Замысел «Погорельщины» возник в 1927 году, сразу после кампании против «Деревни», а писалась поэма с весны по осень 1928 года сначала в Ленинграде, а затем — на Украине, в Полтаве и в селе Старые Санжары.
Очевидцы вспоминали невысокого пожилого обитателя дома на Садовой улице, который ходил по базару и скупал глиняные и деревянные изделия украинских народных умельцев и тихими вечерами тонким голосом нараспев читал «Плач о Сергее Есенине» и «Деревню».
«Вот он читает песню пряхи, — вспоминал М. Горяйстов, — сопровождая строчки подражанием жужжанию веретена, — и мы перенеслись в бревенчатую светлицу, с заиндевевшим окошечком, с завыванием ветра в трубе, со скрипучим от мороза стуком ставня, с коптящей лучиной, с певучим уютным жужжанием веретена…»
Николай рассказывал свою любимую сказку о коте Евстафии и мышке Степанидке, о том, как кот Евстафий притворился, что «скоромного не кушат», обманул мышку и схрумкал до последней косточки. Напевая по-олонецки, сказывая, передал все повадки коварного мурлыки.
С котами, с кошками у него были особые отношения.
Кошки — животные мистические. Они обладают способностью видеть сущности, незримые для человеческого глаза. Они оберегают человеческое жилье от проникновения дурных энергий, они гармонизируют человека, успокаивают его, тонко ощущая перемены в настроении хозяина. И Клюев видел в них родственные себе души. Он умел разговаривать безмолвно на их языке, подзывая для корма и ласки, а потом подавая сигнал, что нужно разойтись — и они покорно расходились… Когда он говорил о Есенине, что того «чернота всего облепила» и лучше отойти, ибо «на тебя может перекинуться», — помнил реакцию кошек на наступающую смерть товарища или товарки. Как поймут, что конец близок (чего люди еще не ощущают) — не подходят, инстинктивно оберегая себя, дабы смерть крылом не задела.

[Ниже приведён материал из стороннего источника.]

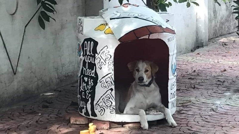 Dogitization campaign being run by Vandana Jain in the city of Indore in Madhya Pradesh is consistently making efforts to change the mind set of the people towards the man's best friend. Recently it came out with an innovative idea of making a dog house (pic in the post) with a discarded water tank (syntax tank). The unused water tanks often remain as a piece of garbage but once painted and decorated the same garbage can become a cozy home for our furry friends. It has enough space inside for the dog to sit comfortably and it also protects the dog from extreme heat, cold and rain. Not just that according to Vandana a dog who is comfortable and secure will never bite anybody. Hence food, water and shelter minimises the risk of dog biting. To watch the beautiful house and the benefits it has to the dog and the society kindly go on the link below:

…А сказку сказывал голосом древней олонецкой бабы, сопровождая мелодию мягкими, еле уловимыми жестами.
Когда Клюев говорил Виктору Мануйлову о том, как он путешествовал в глухие леса за Печорой, как по зарубкам на вековых стволах находил отдалённые северные скиты, где «живут праведные люди, по дониконовским старопечатным книгам правят службы и строят часовенки и пятистенные избы так же прочно и красиво, как пятьсот лет тому назад», — иной слушатель мог бы и усомниться в услышанном, а в Клюеве «распознать» сказочника или фантазёра… Но вот что докладывал Наркомпросу РСФСР о своей поездке в Онежский край летом 1925 года композитор Борис Асафьев. До самых глухих мест, подобно Клюеву, он, конечно, не добрался, но и того, что увидел и услышал, было предостаточно для чуткого уха и внимательного взгляда.